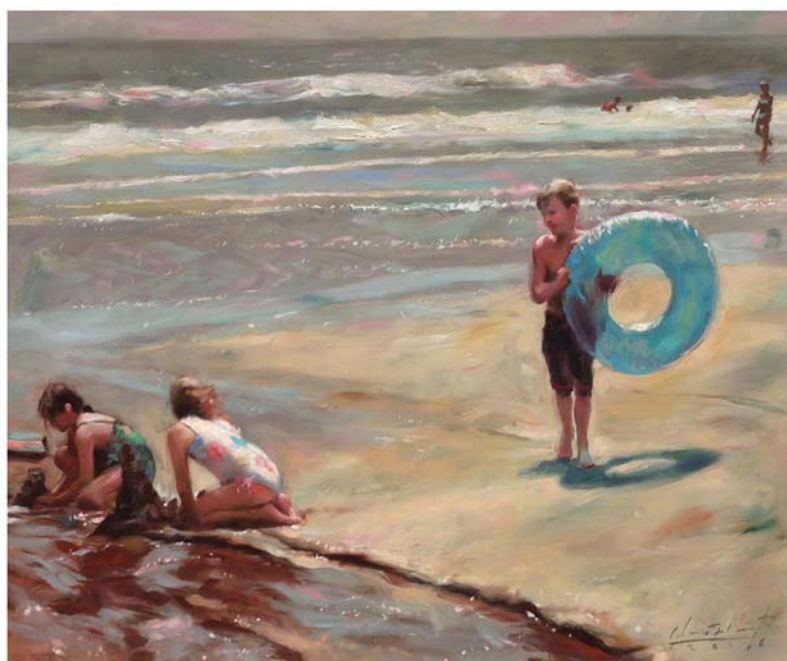
GLENN HARRINGTON, TIDE POOLS AND BLUE TUBE, 20x24, OIL ON LINEN

THE SANCTUARY AT KIAWAH ISLAND 1 SANCTUARY BEACH DR, KIAWAH, SC 29455 843.576.1290 WWW.WELLSGALLERY.COM
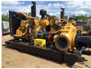
High Head Trash Series Mighty Pumps
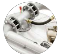
Purge nozzle optimization
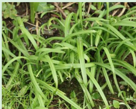
Three-cornered leek leaves

Description: Three-cornered leek is a very invasive plant due to seeds which germinate easily creating dense clumps of leaves and flowers. Native of the Mediterranean, preferring shady areas, but is tolerant of most conditions.
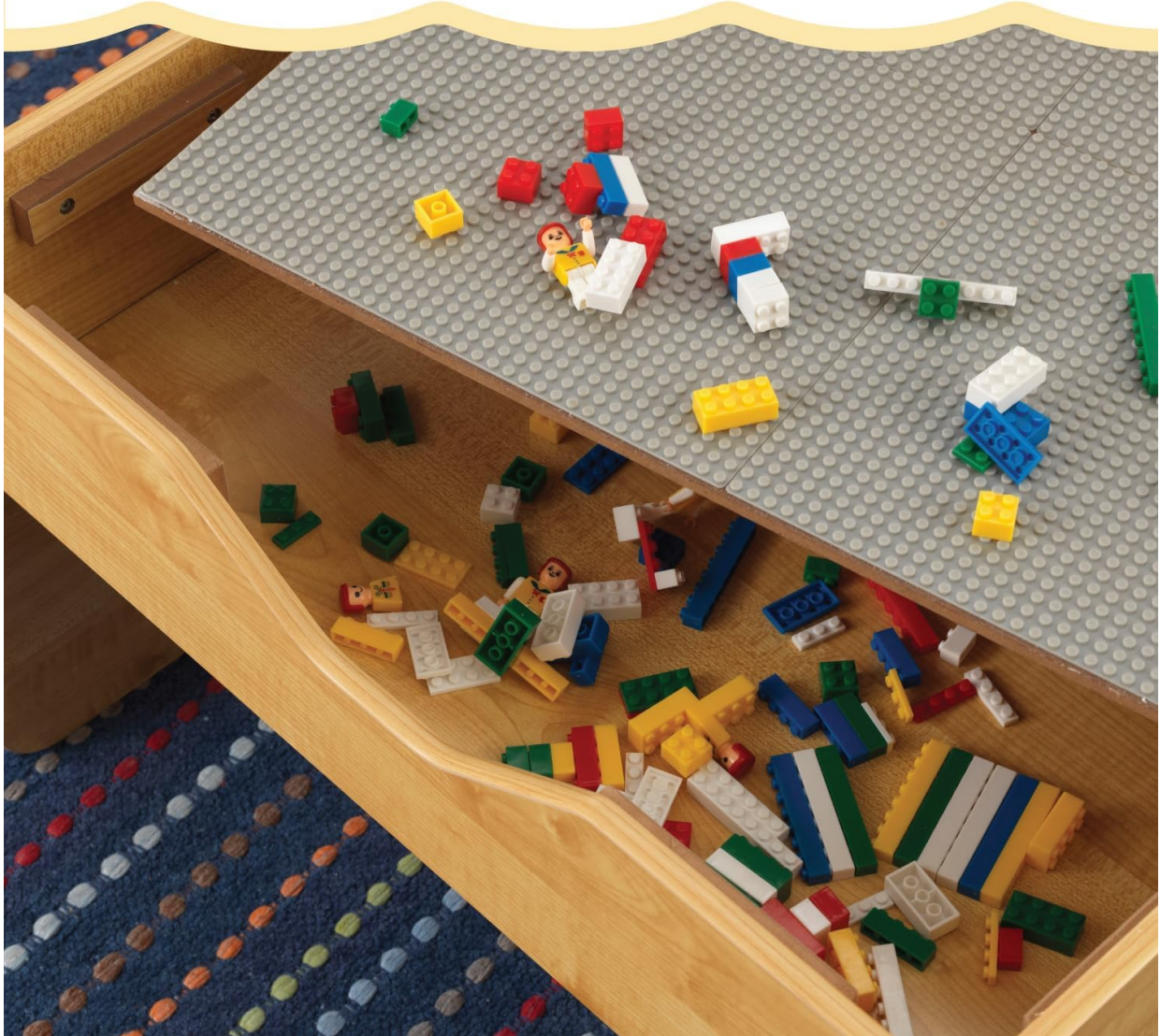
Image: A close-up view of the hidden storage compartment beneath the reversible tabletop, which is partially lifted. The compartment is filled with various colorful building bricks. The text "Hidden storage under lid" is displayed.
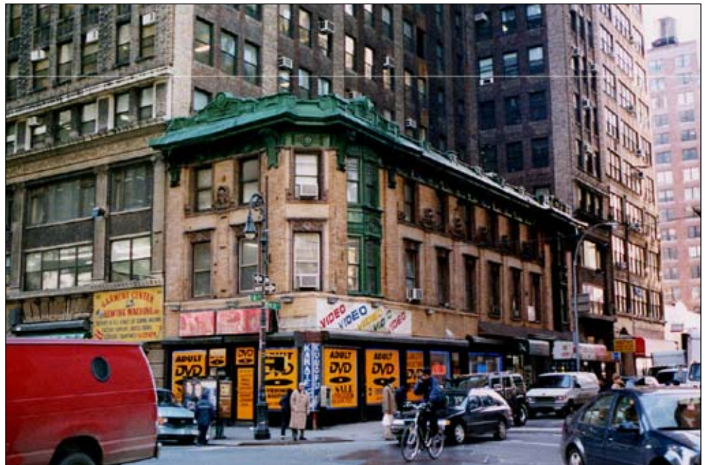
Commercial building, 300 West 38th Street. View southwest 11
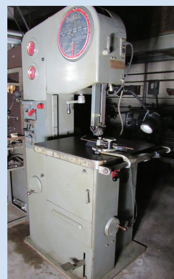
DoAll Model 1612-1 16" Vertical Band Saw
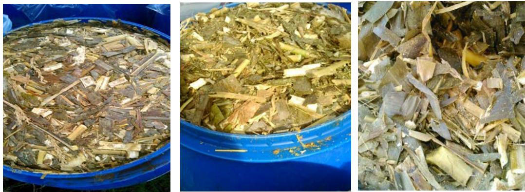
Table 1. Nutrient composition of corn silage

The high level of carbohydrates helps to ensure that abundance of lactic acid for preservation will be produced. If condition for chopping or storing the silage are not ideal, fermentation may be delayed, causing a loss of nutrient and bad silage quality. Inoculation of lactic acid bacteria to corn plant prior to ensiling was aimed to provide a good environment for lactic acid bacteria to do fermentation, enhanced the desirable microflora, decreased the growth of spoilage fungi or yeast in order to produce a good quality silage (Amado et al., 2012). Inoculum of lactic acid bacteria was originally used to reduce pH and to avoid the risk of clostridial fermentation by the native bacterial population (Wilkinson et al., 2003). L. plantarum has the potential to increase the production of lactic acid because it is belong to homofermentative

● ● ● ●

In the entries above, which lines run from the one with "THE SANCTUARY AT" up to and including the one with "Description: Three-cornered leek"? Write them out exactly, without the pictures.

**TASK ANSWER**
THE SANCTUARY AT KIAWAH ISLAND 1 SANCTUARY BEACH DR, KIAWAH, SC 29455 843.576.1290 WWW.WELLSGALLERY.COM
High Head Trash Series Mighty Pumps
Purge nozzle optimization
Three-cornered leek leaves

Description: Three-cornered leek is a very invasive plant due to seeds which germinate easily creating dense clumps of leaves and flowers. Native of the Mediterranean, preferring shady areas, but is tolerant of most conditions.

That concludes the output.